=== Material shown ===

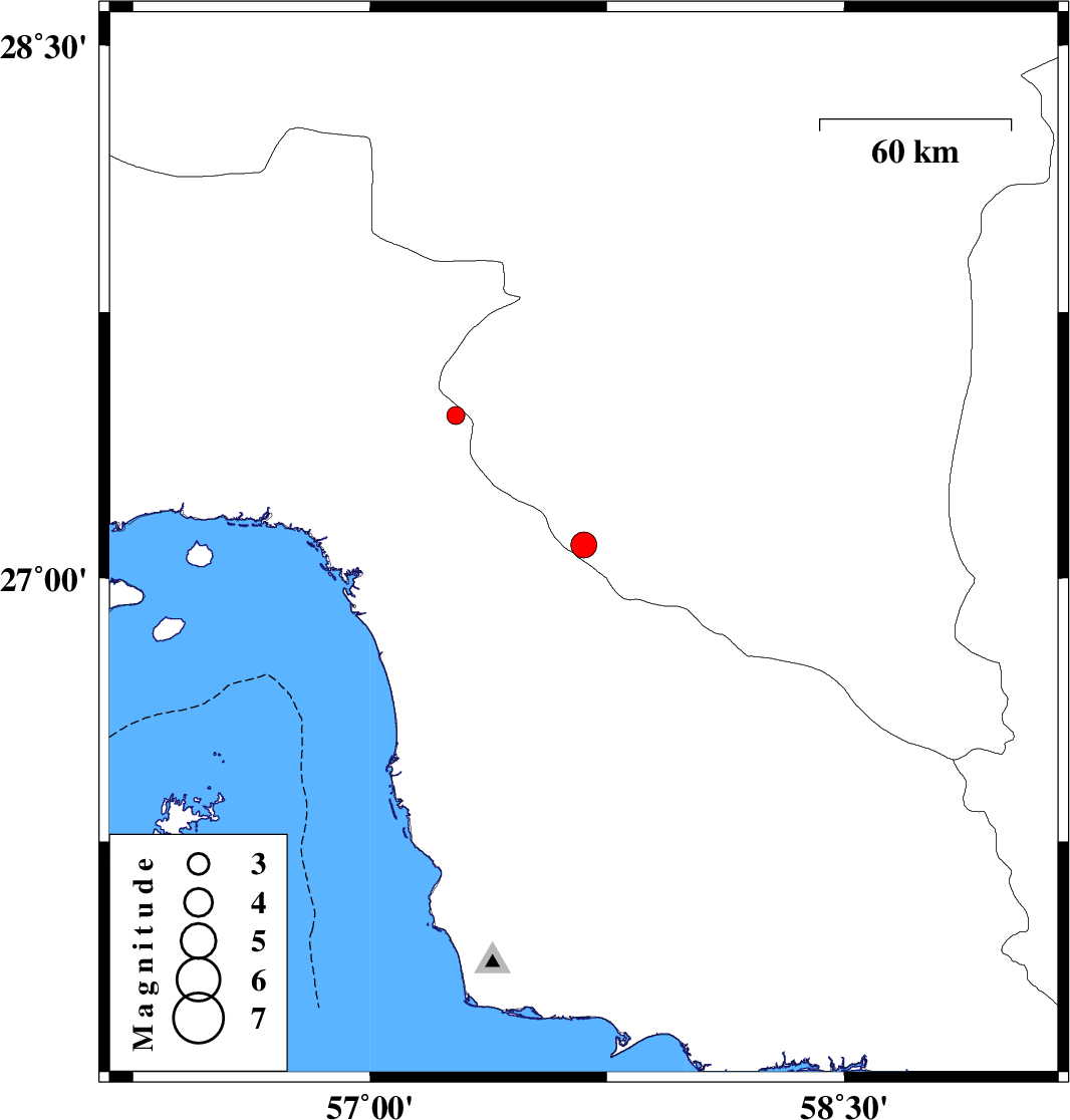 | 2018/10/24 | 15:13:40.2 | 18:43:40.2 | 27.093 | 57.676 | 7 | ML:3.6 | Kerman Province, 40 km South-East of Manujan | ||
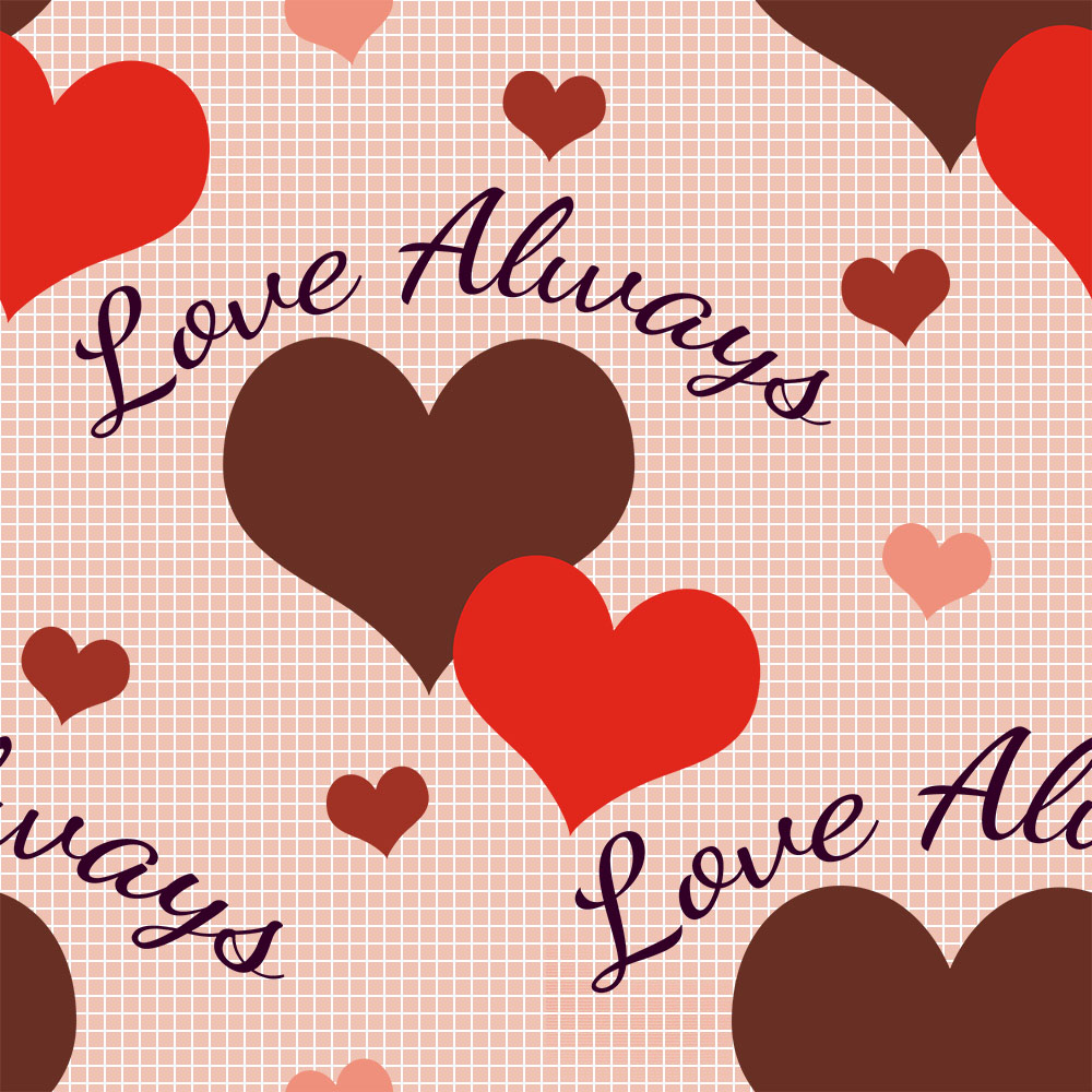Red and brown hearts of varying sizes scatter across a pink grid background, interwoven with the cursive phrase “Love Always” in deep purple script.
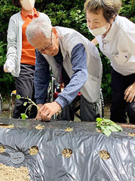 先日はじゃがいもを収穫しましたが、次は秋の収穫に向けてさつまいもの苗 を植えました。 少し汗ばむ陽気の中でしたが、「美味しいお芋に育ってよ~」と願いを込めて 1本1本丁寧に植え付けされました。 秋の焼いも大会が待ち遠しいですね。
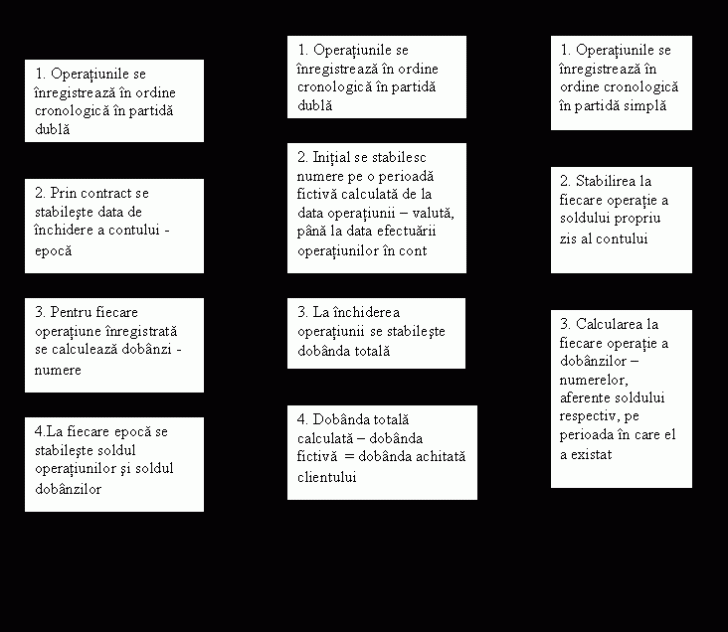 La fiecare epoca se stabileste soldul operatiunilor si totodata soldul dobanzii. Se presupune determinarea numarului efectiv de zile a epocii cat si a modalitatii de determinare a termenului.
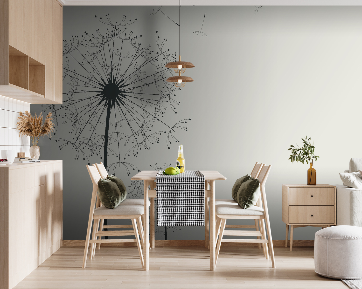 Wyobraź sobie, że wkraczasz do przestrzeni, w której delikatne dmuchawce kołyszą się łagodnie na wietrze. Ta fototapeta „Delikatne nasiona unoszone przez wiatr” urzeczywistnia to marzenie. Dzięki eleganckim liniom i lekkości przekształca ściany w oazę spokoju.
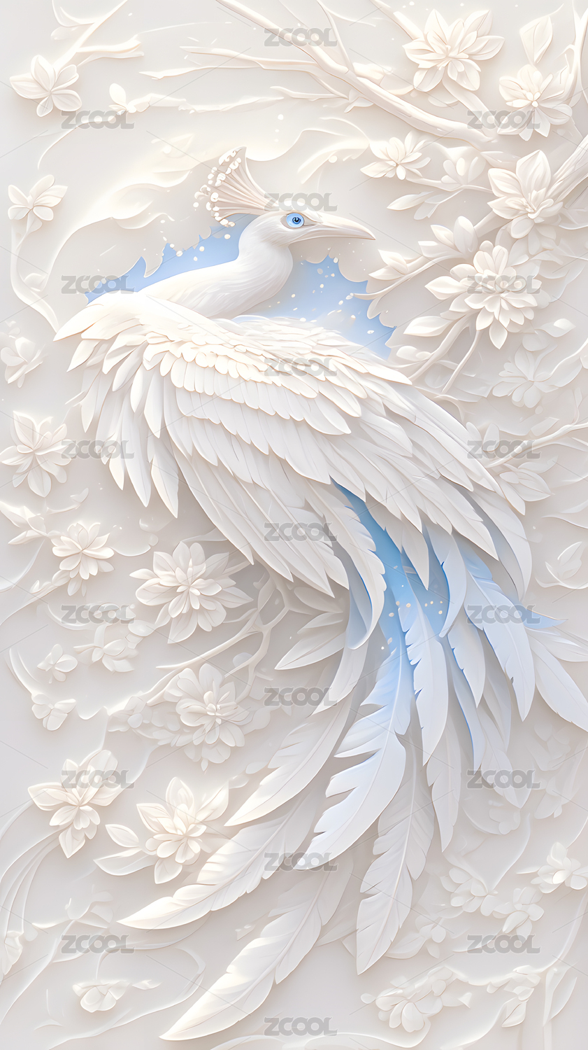 中国风立体白色孔雀插画

===

# What is required
Your copy should consist only of the lines from the one containing "La fiecare epoca" through the last line of the entries above, reproduced exactly, without pictures.

# Solution for this task
 La fiecare epoca se stabileste soldul operatiunilor si totodata soldul dobanzii. Se presupune determinarea numarului efectiv de zile a epocii cat si a modalitatii de determinare a termenului.
 Wyobraź sobie, że wkraczasz do przestrzeni, w której delikatne dmuchawce kołyszą się łagodnie na wietrze. Ta fototapeta „Delikatne nasiona unoszone przez wiatr” urzeczywistnia to marzenie. Dzięki eleganckim liniom i lekkości przekształca ściany w oazę spokoju.
 中国风立体白色孔雀插画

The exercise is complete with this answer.